§ **GIVEN INFORMATION**:
###
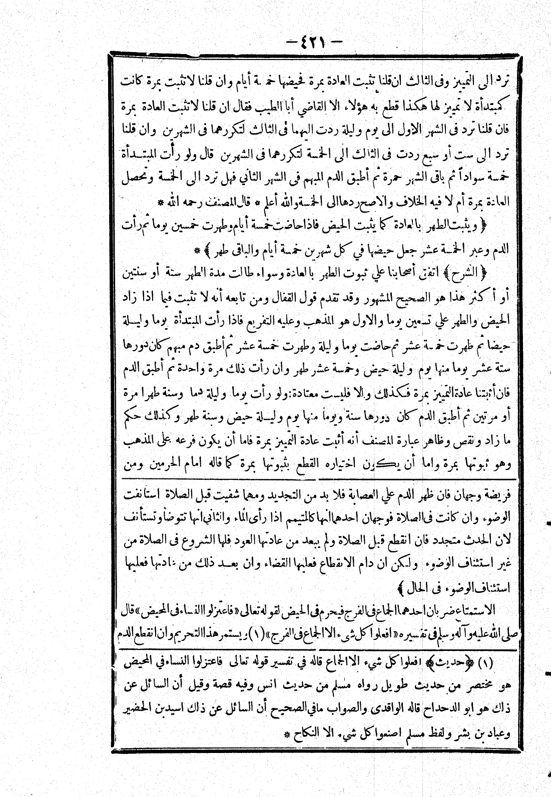 [فريضة وجهان فان ظهر الدم علي العصابة فلا بد من التجديد ومهما شفيت قبل الصلاة استانفت الوضوء وان كانت في الصلاة فوجهان احدهما انها كالتيمم إذا رأى الماء والثاني انها تتوضأ وتستأنف لان الحدث متجدد فان انقطع قبل الصلاة ولم يبعد من عادتها العود فلها الشروع في الصلاة من غير استئناف الوضوء ولكن ان دام الانقطاع فعليها القضاء وان بعد ذلك من عادتها فعليها استئناف الوضوء في الحال] الاستمتاع ضربان احدهما الجماع في الفرج فيحرم في الحيض لقوله تعالى (فاعتزلوا النساء في المحيض) قال صلى الله عليه وسلم في تفسيره (افعلوا كل شئ الا الجماع في الفرج) ويستمر هذا التحريم وان انقطع الدم]
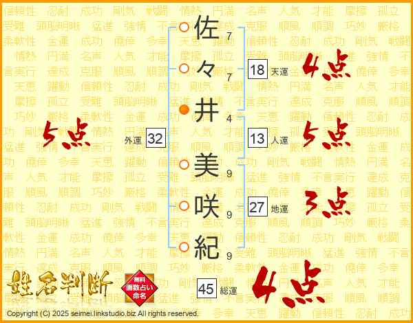 佐々井美咲紀さんの総運は45画の4点!
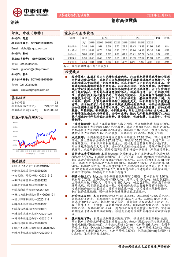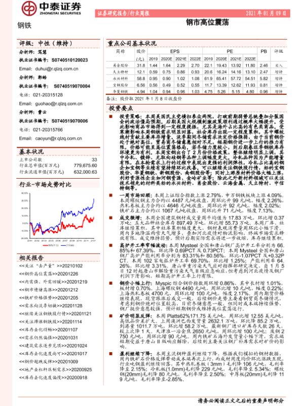 【中泰证券】【20210109】20210109-中泰证券-钢铁行业周报:钢市高位震荡-13页
###
Pictures are to be left out, and each line from the one that contains "佐々井美咲紀さんの総運は45画の4点!" through the end of the listing is to be copied exactly.

§ **TASK SOLUTION**:
 佐々井美咲紀さんの総運は45画の4点!
 【中泰证券】【20210109】20210109-中泰证券-钢铁行业周报:钢市高位震荡-13页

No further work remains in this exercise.